Justice Pardiwala provided some illustrations of such possession. On viewing child pornography, he said: “Say for instance, ‘A’ routinely watches child pornography over the internet, but never downloads or stores the same in his mobile.

Here ‘A’ would still be said to be in possession of such material, as while watching he exercises a considerable degree of control over such material including but not limited to sharing, deleting, enlarging such material, changing the volume etc.

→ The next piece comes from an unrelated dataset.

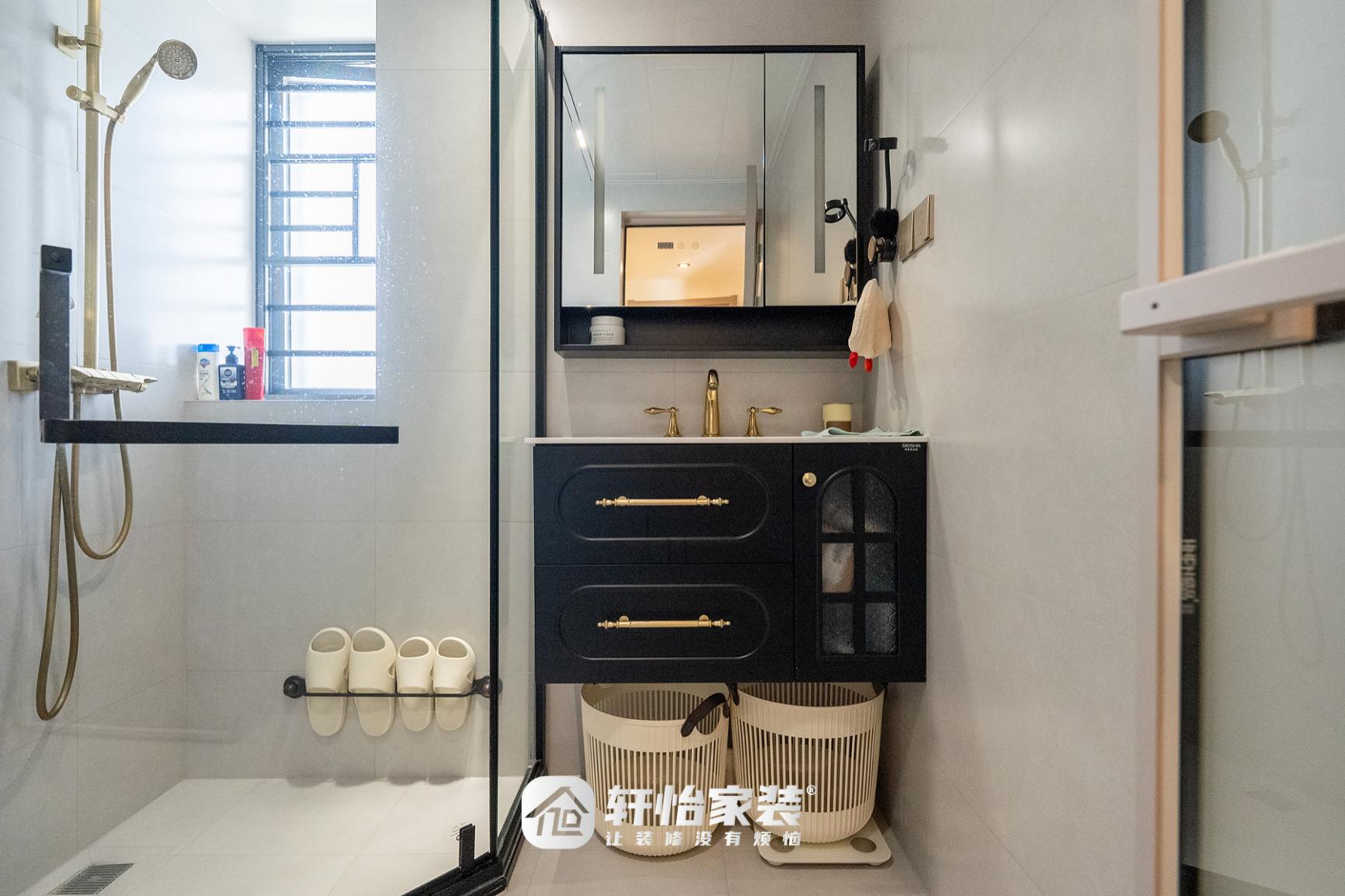 卫生间严格遵循干湿分离设计,提升使用舒适度与便捷性。黑色悬浮式洗手台搭配精致的金色拉手,在细节处彰显复古韵味,易于打理的同时也保证了视觉上的轻盈感。

Furthermore, since he himself on his own volition is viewing such material, he is said to have knowledge of having control over such material.”

Another illustration dealt the responsibility of an individual who receives child pornography unwittingly from an external source: “For instance, say, ‘A’ is sent an unknown link by ‘B’, which upon clicking opens a child pornographic video on the phone of ‘A’. Now if ‘A’ immediately closes the link, although once the link is closed ‘A’ is no longer in constructive possession of the child pornography, this by itself does not mean that ‘A’ has destroyed or deleted the said material by merely closing the link. ‘A’ will only be absolved of any liability if he after closing the link further reports the same to the specified authorities”.

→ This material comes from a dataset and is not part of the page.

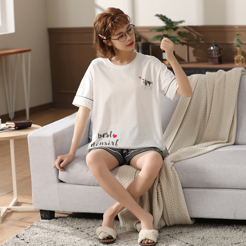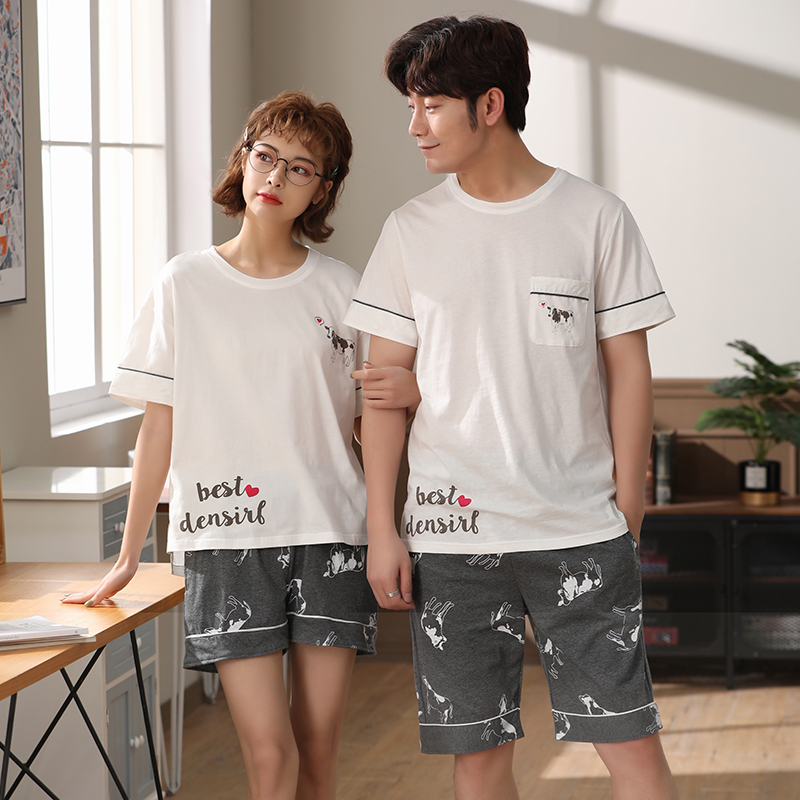 Couple Nightgown woman 2021 new Han edition summer thin cotton short - sleeved shorts home suit male

This puts emphasis on reporting of child pornographic content. The penalty for not reporting is a fine “not less than five thousand rupees and in the event of second or subsequent offence, with fine which shall not be less than ten thousand rupees.”

The court also held that the offence under Section 15 will apply even if the accused does not have physical possession of child pornography at the time when the FIR is filed. Charges can be made if it is established that the accused possessed child pornographic material “at any point”.

The court held that the intention of an accused can be determined based on the “manner in which such material is stored or possessed and the circumstances in which the same was not deleted, destroyed or reported”. From these actions and circumstances, the court will determine intention of the accused.

The court also cautioned the police and courts from limiting their inquiry to one of the sub-sections under Section 15. Even if an offence under one sub-section is not made out, the court held that the police and courts must not “jump to the conclusion” that there is no offence at all. Instead, the police must see if an offence has been out in one of the other sub-sections.